ADR-004: Apache Arrow Flight for Data Transport
Date: 2024-01-10
Status: Accepted
Context
Neuroscience data transfers between SynDB and analytical clients can reach hundreds of megabytes per query result. Serializing this data as HTTP JSON incurs significant overhead: text encoding inflates payload size, row-oriented JSON requires full deserialization, and there is no native streaming support for back-pressure.
Data science clients in Python, R, and Julia already use Apache Arrow as their in-memory columnar format (via pandas, polars, and similar libraries). A transport layer that speaks Arrow natively would eliminate serialization costs.
Decision
Use Apache Arrow Flight (gRPC-based columnar data transport) via the tonic
gRPC framework and arrow-flight crate. The Flight service runs on port 50051
alongside the Axum HTTP API on port 8080, both in the same binary process.

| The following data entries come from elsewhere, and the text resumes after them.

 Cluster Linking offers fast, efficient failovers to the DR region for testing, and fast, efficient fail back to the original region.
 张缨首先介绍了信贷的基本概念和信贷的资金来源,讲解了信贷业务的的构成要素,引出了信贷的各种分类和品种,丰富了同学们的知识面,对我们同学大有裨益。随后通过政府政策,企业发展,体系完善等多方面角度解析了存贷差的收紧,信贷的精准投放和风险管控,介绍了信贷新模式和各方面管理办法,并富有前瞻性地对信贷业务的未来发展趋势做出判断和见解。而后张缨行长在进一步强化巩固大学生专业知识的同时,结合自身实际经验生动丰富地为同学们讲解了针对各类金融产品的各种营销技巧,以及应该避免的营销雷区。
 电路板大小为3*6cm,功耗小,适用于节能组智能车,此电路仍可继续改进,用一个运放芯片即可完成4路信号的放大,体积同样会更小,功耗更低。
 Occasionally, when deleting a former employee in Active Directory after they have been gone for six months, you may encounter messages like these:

- Query results are materialized as Arrow RecordBatches and streamed to clients
via
do_get. - Dataset ingestion uses
do_putfor streaming uploads. - Flight tickets encode query parameters as serialized descriptors.
Consequences
Positive:
- Zero-copy data transfer: clients receive Arrow RecordBatches directly usable by pyarrow, polars, DataFusion, and similar tools without deserialization.

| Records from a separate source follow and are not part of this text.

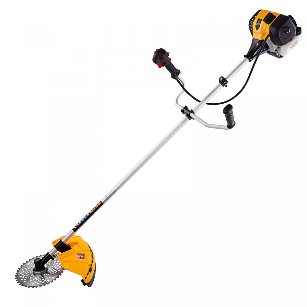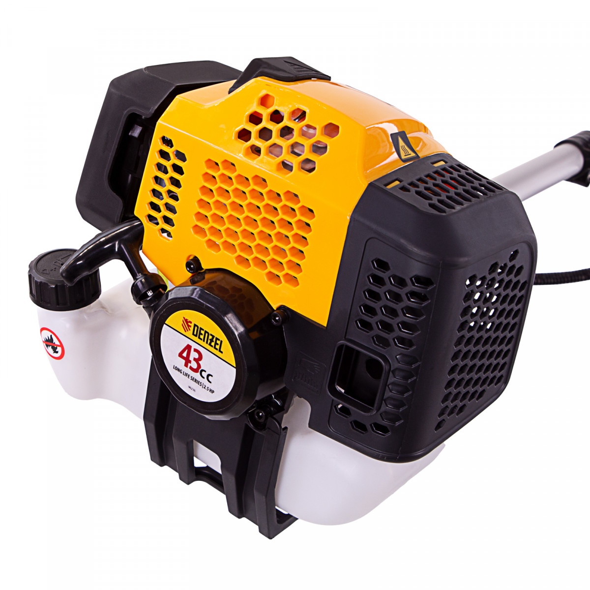 Бензиновый триммер Denzel DGT-430 96236 с двигателем объемом 43 см3 и мощностью 2,5 л.с., с неразъемной штангой, состоит из 2 частей. Предназначен для скашивания густой травой и создания аккуратных лужаек, подходит для скашивания травы всех типов, в том числе с жесткими древовидными стеблями (полыни, крапивы, лебеды, борщевика), а также срезания кустарника и молодых побегов деревьев с диаметром стволов до 10 мм. Подходит для мест, в которых с обычными газонокосилками работать тяжело. Экономичный двигатель позволяет эффективно обрабатывать участок площадью до 9-10 соток.,В комплект поставки входят режущие насадки: усиленная полиамидная катушка, трехлопастный нож и пильный диск.
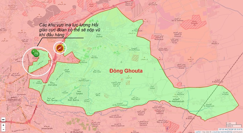 Các điều kiện đầu hàng cho những địa bàn ngoại ô này cũng tương tự như thỏa thuận đầu hàng khu vực Wadi Barada. Các chiến binh thánh chiến giao nộp hai quận Qaboun và Barzeh cho chính quyền Syria, họ sẽ được vận chuyển đến tỉnh Idlib.
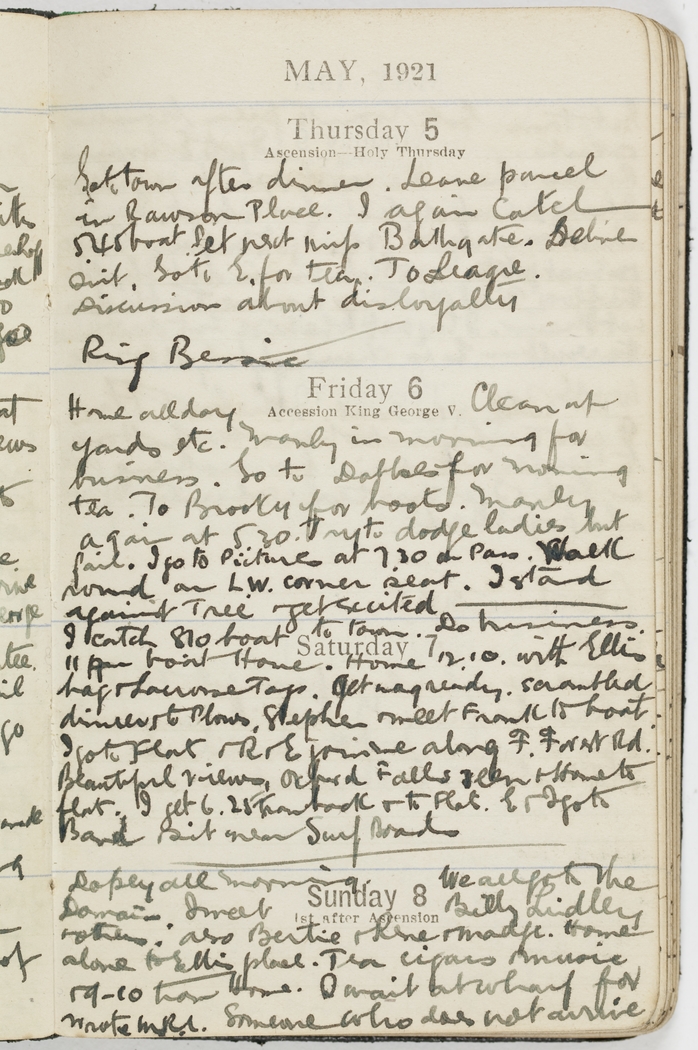 Go to town after dinner. Leave parcel in Rawson Place, I again catch 5.45 boat. Sit next Miss Bathgate. Deliver suit. Go to E for tea. To League. Discussions about disloyalty. Ring Bernie
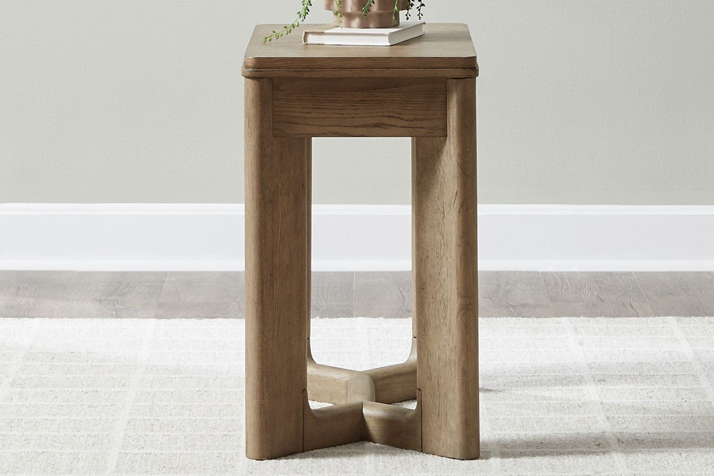 The Ballentine chairside table is a masterpiece of design that transforms your living space into an oasis of style and functionality. Crafted with excellence using Rubberwood solids and Quartered Cut White Oak veneers, this piece features a Weathered Bronze finish. The softly rounded oblong legs create a sense of elegance and continuity, flowing seamlessly to a uniquely shaped center trestle. This distinctive design element adds an artistic touch. Add a sense of style to your living space with the Ballentine chairside table.
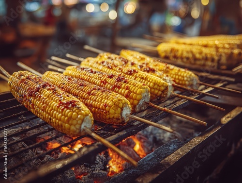 Corn on the cob grilled over open flame on skewers at a rustic outdoor barbecue du daytime
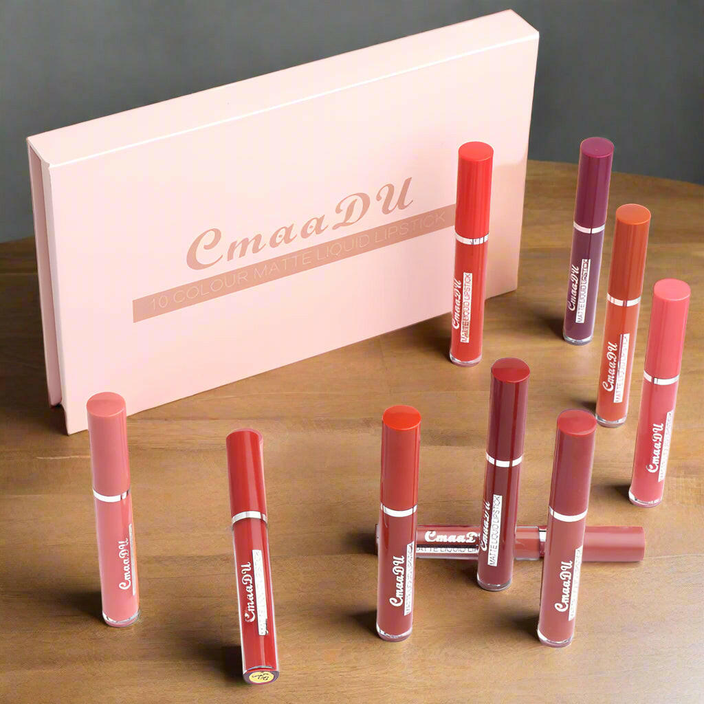 This versatile set features 10 richly pigmented matte lipsticks, each with a lightweight feel and long-lasting waterproof formula. Whether you're going for bold, neutral, or something in between, this collection has every shade to match your mood.

- gRPC bidirectional streaming provides natural back-pressure and supports arbitrarily large result sets without buffering everything in memory.

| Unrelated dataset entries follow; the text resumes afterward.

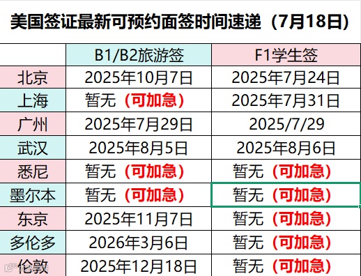 面签时间速递(7月18日)
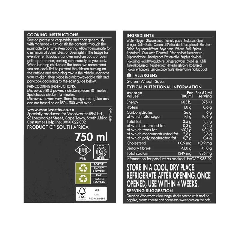 Woolworths Smokey BBQ Braai Marinade – 750ml
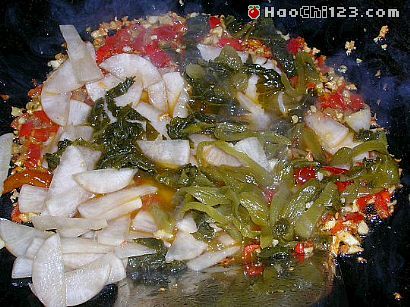 1、泡萝卜切片;泡酸菜切丝;泡辣、生姜、朝天椒、蒜均切末。

- Columnar format enables predicate pushdown and projection pruning at the transport level.
Negative:
- gRPC adds complexity compared to plain HTTP: clients need a Flight-aware library rather than a simple HTTP client.
- Binary protocol is harder to debug than JSON; requires tooling like
grpcurlor custom Flight clients for inspection. - Running two server protocols in one binary increases shutdown coordination complexity (see ADR-005).